Regarding your questions, and the factors that guided our current implementation above:

Current popular distribution channels for apps (Apple App Store, Google Play Store, etc) don't have a distinction between developer*, publisher or seller, and the terms there often seem interchangeable. Support/privacy/TOS links are also directly relevant to the app itself, not much so to the larger entity who published it. Only the "developer website" links to the organization.

Functionally, I think this maps well to the Service and Organization schemas I linked to in my original message, but we wanted to avoid the complexity of those schema by keeping only a subset of the most common information. The discussions around these schemas in https://github.com/schemaorg/schemaorg are very interesting to read.

Our implementation also packages this information into an object field, rather than spreading the fields at the top level of the manifest. This was both to avoid collisions with other extensions of the web manifest, and to make the data better structured. But maybe a single object isn't the best option after all.

---

* The developer information, when talking about the people who actually wrote the code, is usually not exposed by the various app stores. On the web, agencies use humans.txt for this.

[aarongustafson]

Considering this (and the related items), I’d propose we consider the following structure:

{
  "name": "App Name",
  "publisher": {
    "name": "Company X",
    "url": "https://domain.tld"
  },
  "policies": {
    "usage": "/terms",
    "privacy": "https://domain.tld/privacy",
    "accessibility":  "/accessibility",
    "support": "/support",
    "security": "/security",
    "license": "/#license"
  }
}

publisher is informative, but very open for spoofing so the spec would need to recommend that app catalogs provide some means of validating this information. Many may choose to ignore it and use the domain instead (which Chromium’s current behavior: "Publisher: twitter.com").

policies is an object that could be expanded with new keys over time. All would be optional, but I think the above example covers most of the use cases I’ve seen.

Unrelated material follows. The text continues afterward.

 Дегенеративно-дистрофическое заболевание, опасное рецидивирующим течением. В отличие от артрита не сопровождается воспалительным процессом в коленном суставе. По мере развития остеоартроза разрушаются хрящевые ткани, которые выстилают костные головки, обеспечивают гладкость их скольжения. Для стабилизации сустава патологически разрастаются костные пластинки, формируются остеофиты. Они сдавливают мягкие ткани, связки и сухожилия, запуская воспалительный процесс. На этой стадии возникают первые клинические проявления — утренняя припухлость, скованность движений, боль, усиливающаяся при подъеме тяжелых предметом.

Would love to hear thoughts from @jgw96 here as to what they are seeing folks ask for or need in the Microsoft Store. @tomayac and @torgo Do y’all have any insights into whether this might be of interest in the Play and Samsung stores?

[jcayzac]

publisher and policies look good to me 👍🏼

[jcayzac]

Just a comment on the URL format:

Our platform enforces absolute URLs for simplicity, because we actually open these links in the default browser and not in our super app.

Relative links are of course great, but I think it should be explicitly mentioned that absolute URLs are supported as well, and that they are not affected by the scope field —company policy pages are rarely located in the same space as a web app.

[aarongustafson]

Relative links are of course great, but I think it should be explicitly mentioned that absolute URLs are supported as well, and that they are not affected by the scope field —company policy pages are rarely located in the same space as a web app.

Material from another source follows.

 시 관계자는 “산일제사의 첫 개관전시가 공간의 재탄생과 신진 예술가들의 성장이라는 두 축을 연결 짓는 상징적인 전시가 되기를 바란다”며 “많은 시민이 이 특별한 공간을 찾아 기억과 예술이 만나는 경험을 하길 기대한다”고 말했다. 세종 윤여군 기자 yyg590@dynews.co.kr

@jcayzac Totally agree. That’s why I showed both within the same policies block. At Microsoft, for instance, we have a single Privacy Policy for all web properties, but other policies may differ by property. It should totally support both.

[aarongustafson]

@JudahGabriel Does this proposal align with what the Microsoft Store is interested in? Any feedback you have would be much-appreciated.

[JudahGabriel]

Yes, this align with some of our goals for PWA ingestion. Looks great!